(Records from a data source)
####
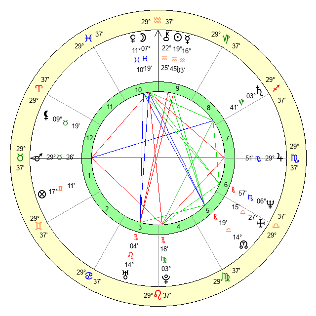 | Moon | 7 Pisces 15 | 10 Cancer 56 | 24 Cancer 53 |
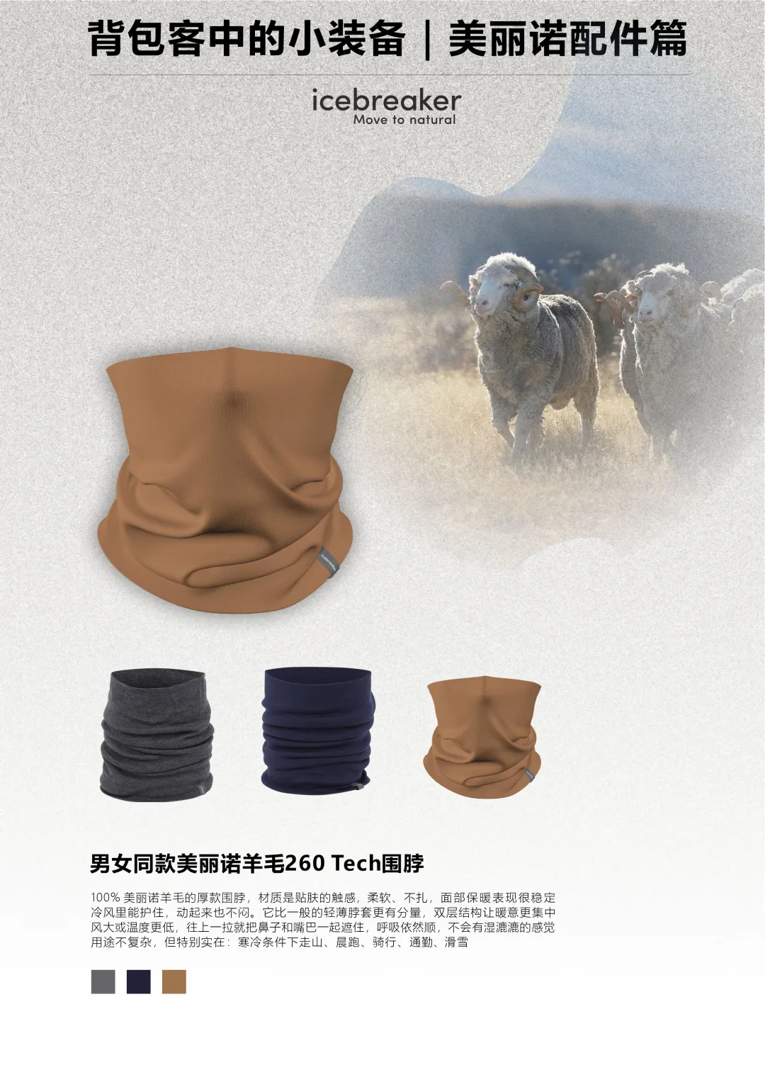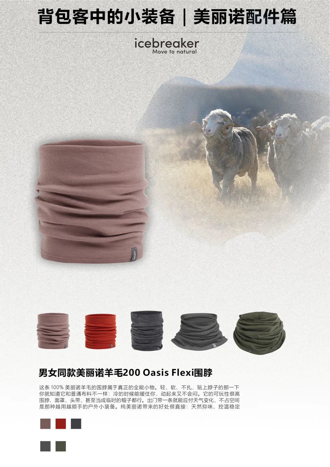 围脖只有两款,200 Oasis是多功能的轻量产品,纯美丽诺羊毛材质,可以用来当帽子、头带、面罩或遮阳帕。260 Tech的围脖就比较厚一点,注重保暖,也是纯羊毛
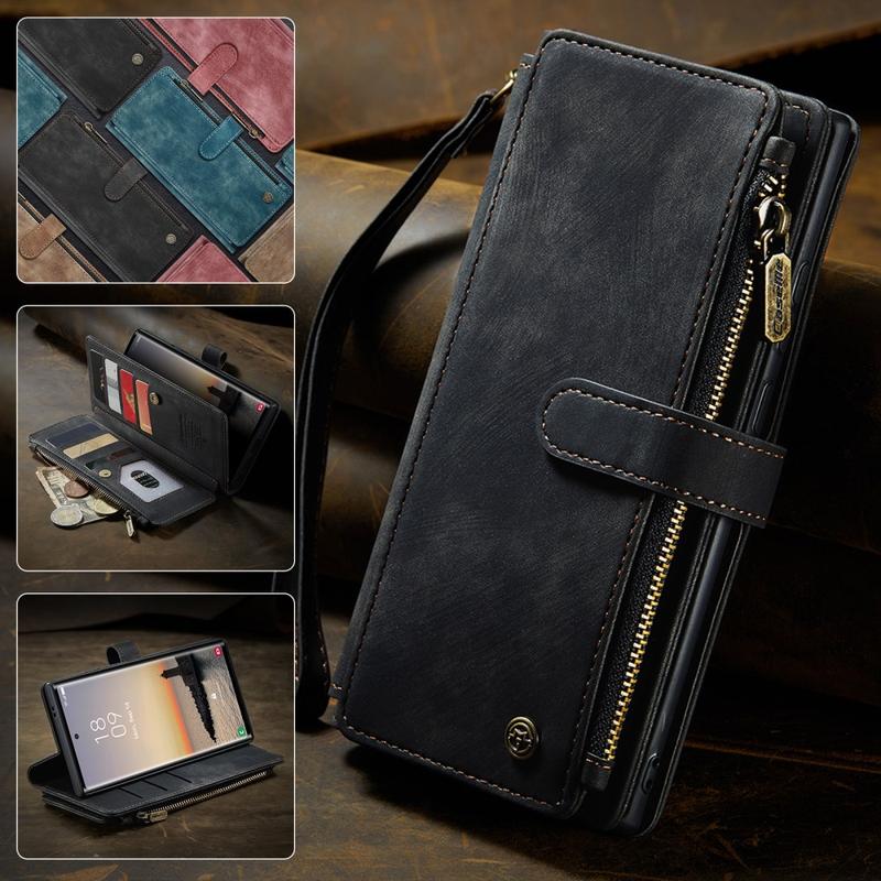 En Caseme C30 multifunktionel pung til Samsung Galaxy S25 Ultra giver en enestående all-around beskyttelse, og et eksklusivt, raffineret design. Dette elegant cover er lavet af førsteklasses polyurethan, forstærket af et stødabsorberende TPU indercover, der slutter sig perfekt omkring din Samsung Galaxy S25 Ultra. Samtidig er Caseme C30 pungen forbedret med adskillige kortholdere, et stort rum til penge indeni, og en lynlåslomme udenpå, som alle er beskyttet af en sikker magnetisk lukning.
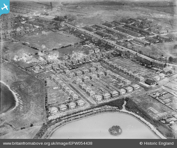 | Pennawd | [EPW054438] The residential area adjacent to Firs Park Boating Lake, Westleigh, 1937. This image has been produced from a damaged negative. |
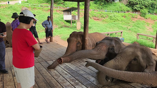 My previous post from 2 years ago, was 5 stars as below: Such a great find on the Samoeng Loop. Cafe up a steep hill off the main road where you can see the elephants roaming on the hills overlooking the beautiful scenery. For 100 baht you can feed the elephants a basket of bananas and sugar cane, aided by the guide who will take photos and videos of you with your phone. We arrived late in the day and they stayed open a few mins late to accommodate us. Such lovely people and the elephants looked very well...
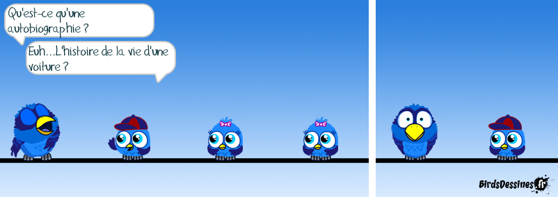 Case 1:Bird 1: Qu'est-ce qu'une autobiographie ?Bird 2: Euh...L'histoire de la vie d'une voiture ? Case 2: Case 3:
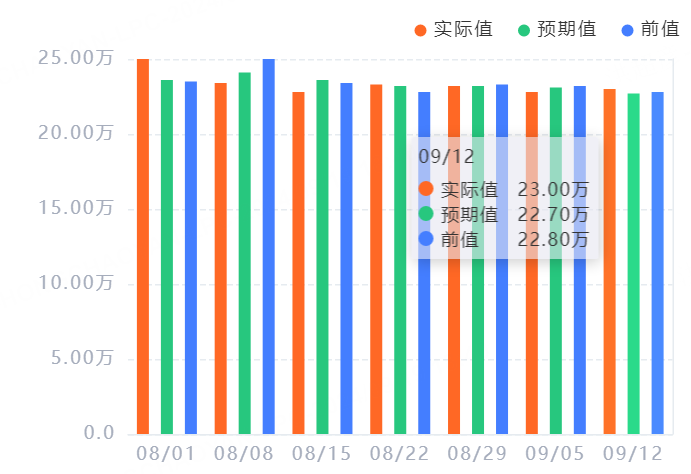 北京时间周四晚20:30,美国劳工部将公布当周失业金申请人数,目前市场预期值与前值持平,为23万人:
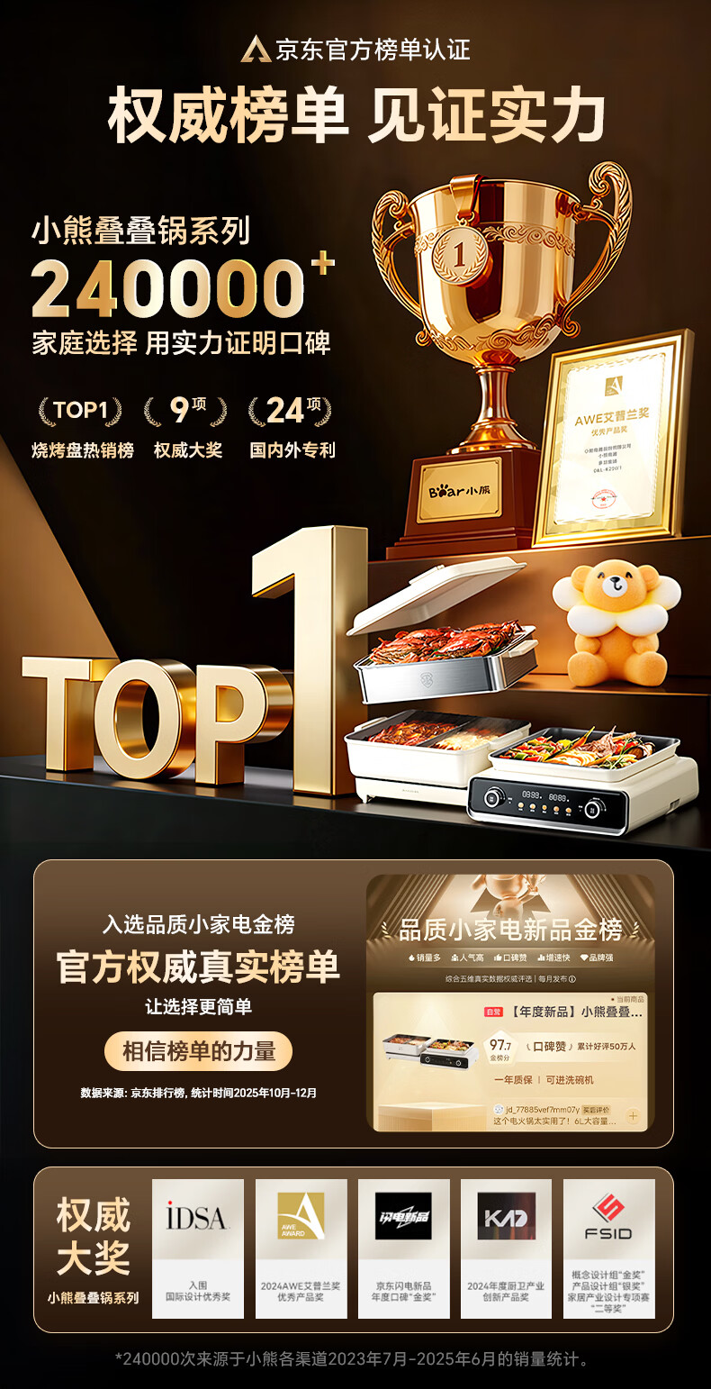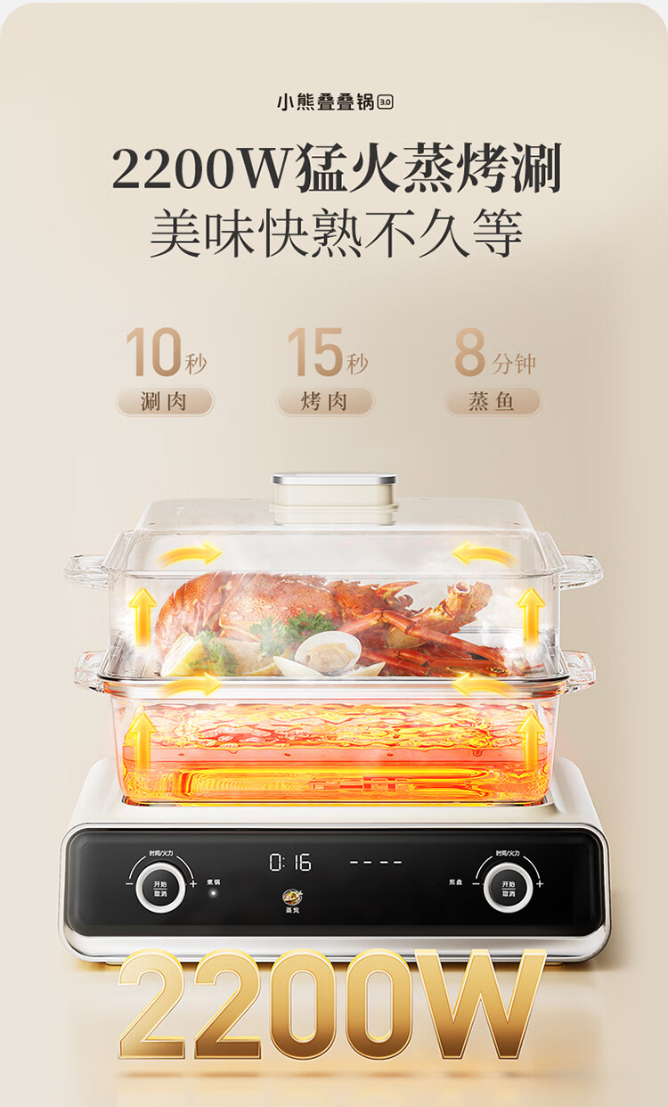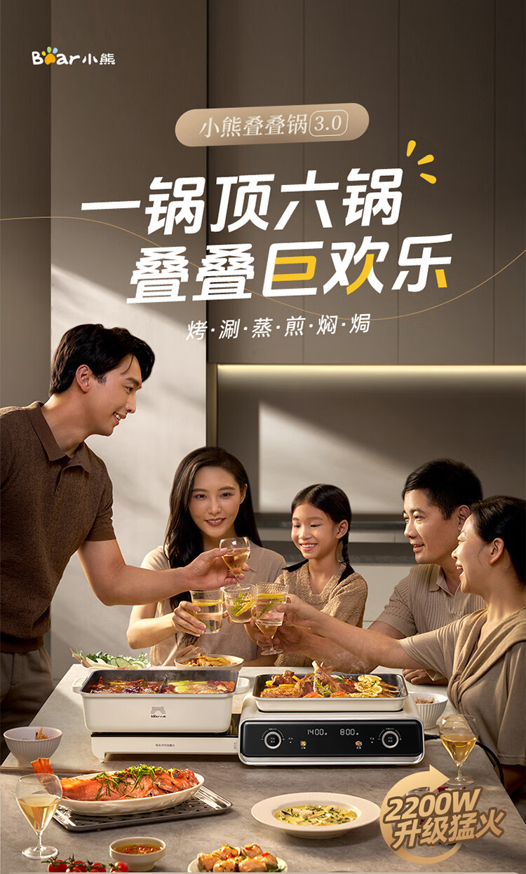 小熊(Bear)电火锅专用锅 折叠多功能锅蒸煮多用途烤涮一体家用料理小熊叠叠锅3.0鸳鸯锅N22P3
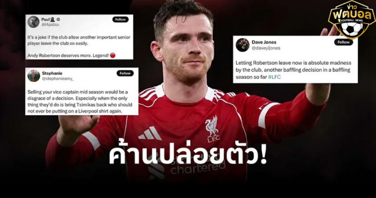 แฟนบอล ลิเวอร์พูล บางคนแสดงความไม่พอใจกับกระแสข่าวที่บอกว่า “หงส์แดง” อาจจะขาย แอนดรูว์ โรเบิร์ตสัน แบ็กซ้ายของทีมให้ ท็อตแน่ม ฮ็อทสเปอร์ ในตลาดการเสริมทัพช่วงเดือนมกราคมนี้
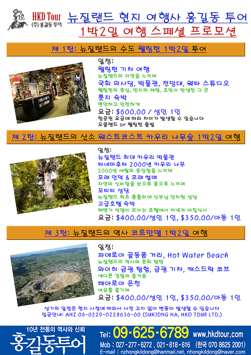 ♥ 홍길동 투어 7월 스페셜 프로모션 ♥ 뉴질랜드 현지 여행사 ☆ 홍길동 투어 ♥
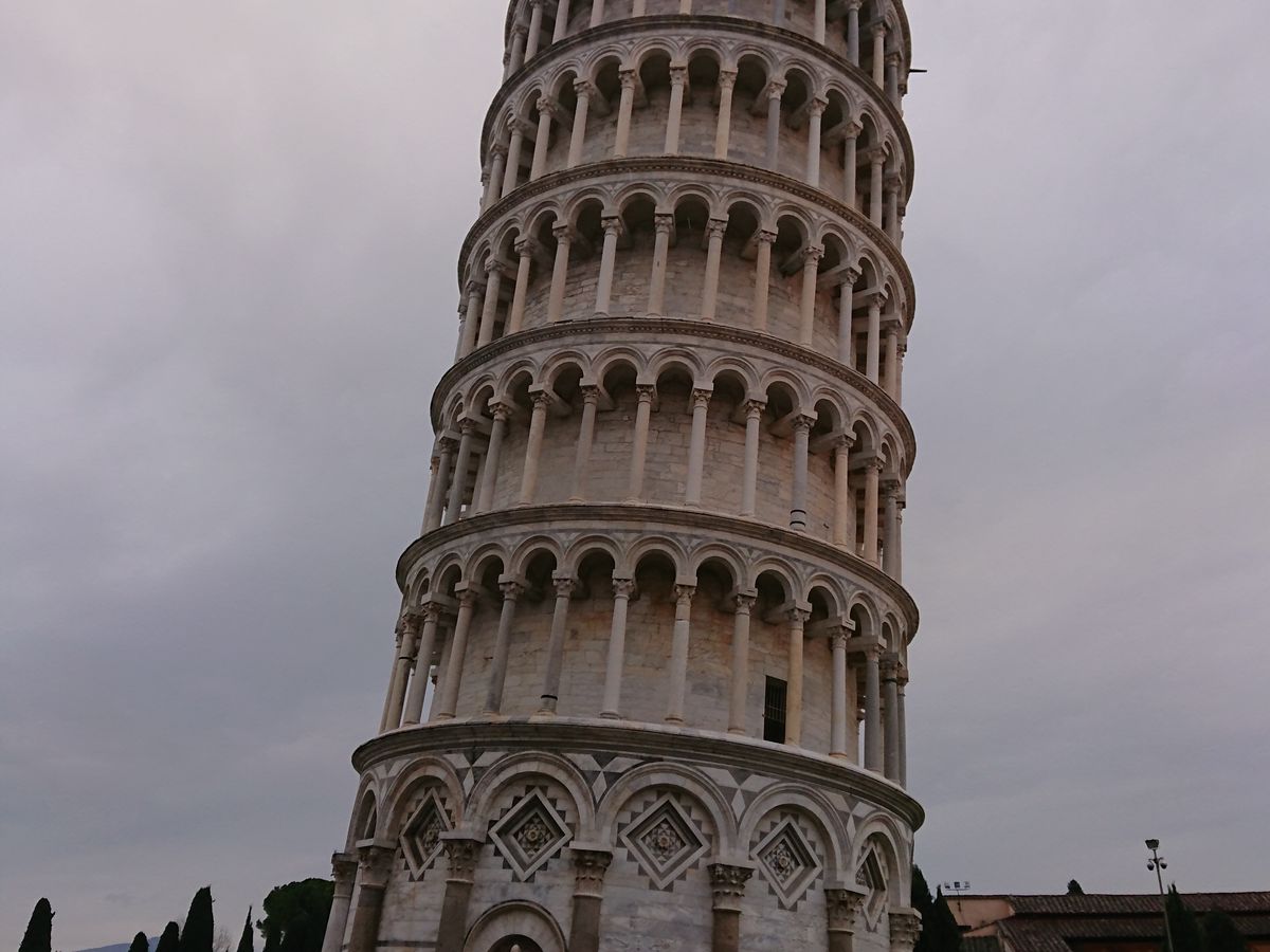 ピサの斜塔に登るとき平衡感覚がおかしくなるので、酔いやすい人は酔い止めを飲んでおいたほうがいいです。あと登るの結構しんどいです。みんなハアハアしてます。途中で休憩を何度かはさみました。後ろから人が来るのがプレッシャーになる人は途中で道を譲ったほうがいいです。階段を登りきった後の景色はとてもきれいです。ちょうど夕日と重なっていい写真が撮れました。
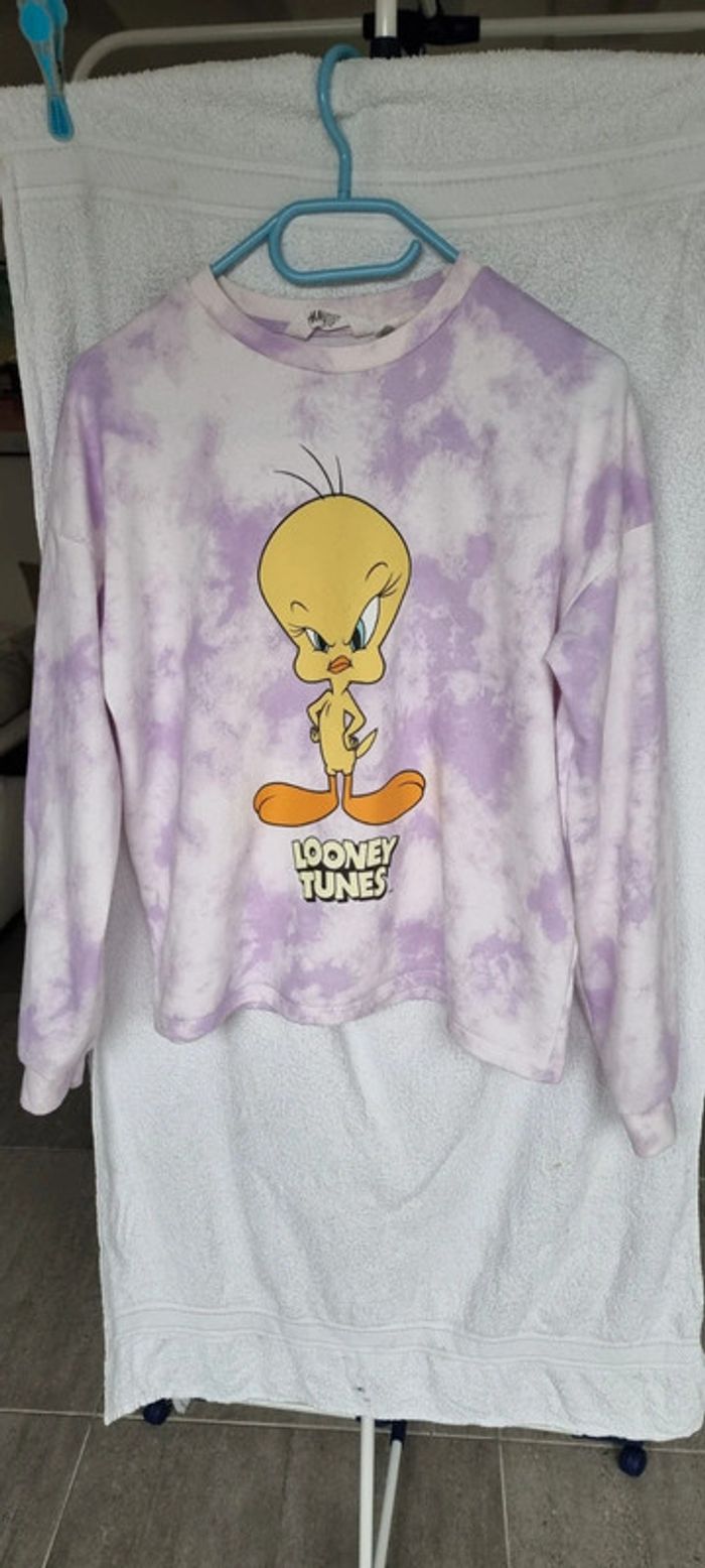 Pull Looney Tunes Titi, tie and dye violet et blanc, message Looney Tunes, motif Titi, col rond, manches longues. Taille 12/14 ans Excellent état A retirer sur Vannes et alentours ou envoi rapide et soigné. Prix 4 € D'autres accessoires, jouets et vêtements disponibles et autres tailles, dans le dressing. N'hésitez pas à me demander ☺️ #angita56_looneytunes #angita56_douzemoisgarcon #angita56_quatorzeansfille
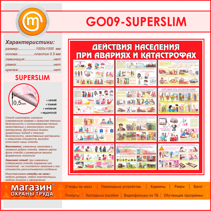 Стенд «Действия населения при авариях и катастрофах» (GO-09-SUPERSLIM) в Альметьевске купить
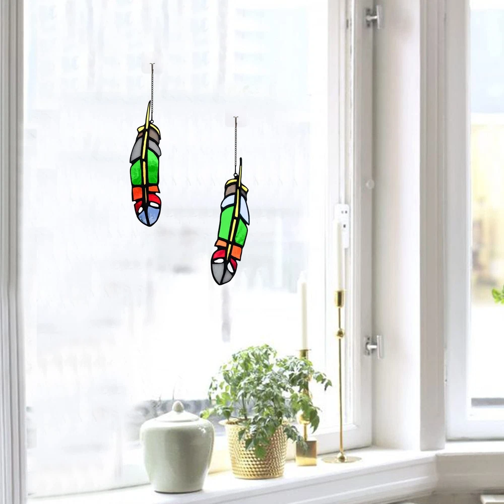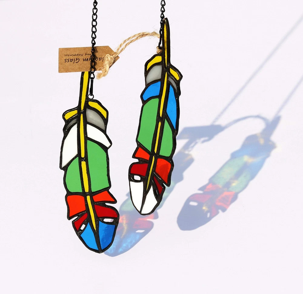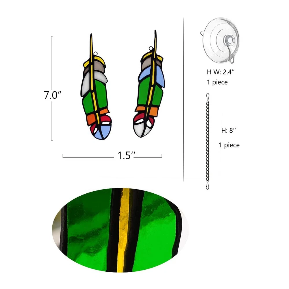 Stained Glass Window Hangings Set of 2 Stained Glass Feather Colored Glass Hanging Ornament for Wall, Window,Car and Party Decoration and Gift IdeaMade of Real Glass: Made from many pieces of red stained glass, real stained glass, not plastic or acrylic, create a unique design, 1 rope is included.What Makes Them Special: Well welded by 3mm stained glass material, color will never change and fade. Amazing Stained Glass Window Hangings: More than a maple hanging ornament, made with sun-through and opaque glass pieces that allows glass shape and textures shadow to shine through onto other surfaces, so you will get colorful sunshine on your window or wall.Perfect Gift And Decoration: This handmade stained glass panel would be a great decoration on window, car, wall, patio, garden events and parties. Also, it can be used for party favors, gifts for any occasions and everyday use.Package Contains: Stained Glass Window Hangings Set of 2 【 Mothers Day Gifts】These stained glass feather window hangings are made of real glass.Well welded by 3mm stained glass material, color will never change and fade.Beautiful feather suncatcher for window. 【Amazing Stained Glass Window Hanging】 More than a feather hanging ornament, made with sun-through and opaque glass pieces that allows glass shape and textures shadow to shine through onto other surfaces.Beautiful colored feathers stained glass suncatcher for window. 【Craft Feathers Gifts for Women】 The feathers decor truly one of the best gifts that you can give to a friend or family.Created for an amazing moment that will continue to bring happiness and comfort.christmas,mother's day,thandsgiving,new year's day gift for mom Grandmother... 【Easy to hang】Each stained glass feather will be presented with strong metal chains and sticker hooks for easy. Size: 7×1.5 INCH. 【Stained glass suncatchers】suncatcher for window,plumas para decoraciones,Christmas Home Decoration
####
### INSTRUCTIONS FOR THE TASK:
Reproduce the data above line for line, from its first line through the line containing "En Caseme C30", both ends included, with the pictures omitted and nothing more.

### RESULT BELOW:
 | Moon | 7 Pisces 15 | 10 Cancer 56 | 24 Cancer 53 |
 围脖只有两款,200 Oasis是多功能的轻量产品,纯美丽诺羊毛材质,可以用来当帽子、头带、面罩或遮阳帕。260 Tech的围脖就比较厚一点,注重保暖,也是纯羊毛
 En Caseme C30 multifunktionel pung til Samsung Galaxy S25 Ultra giver en enestående all-around beskyttelse, og et eksklusivt, raffineret design. Dette elegant cover er lavet af førsteklasses polyurethan, forstærket af et stødabsorberende TPU indercover, der slutter sig perfekt omkring din Samsung Galaxy S25 Ultra. Samtidig er Caseme C30 pungen forbedret med adskillige kortholdere, et stort rum til penge indeni, og en lynlåslomme udenpå, som alle er beskyttet af en sikker magnetisk lukning.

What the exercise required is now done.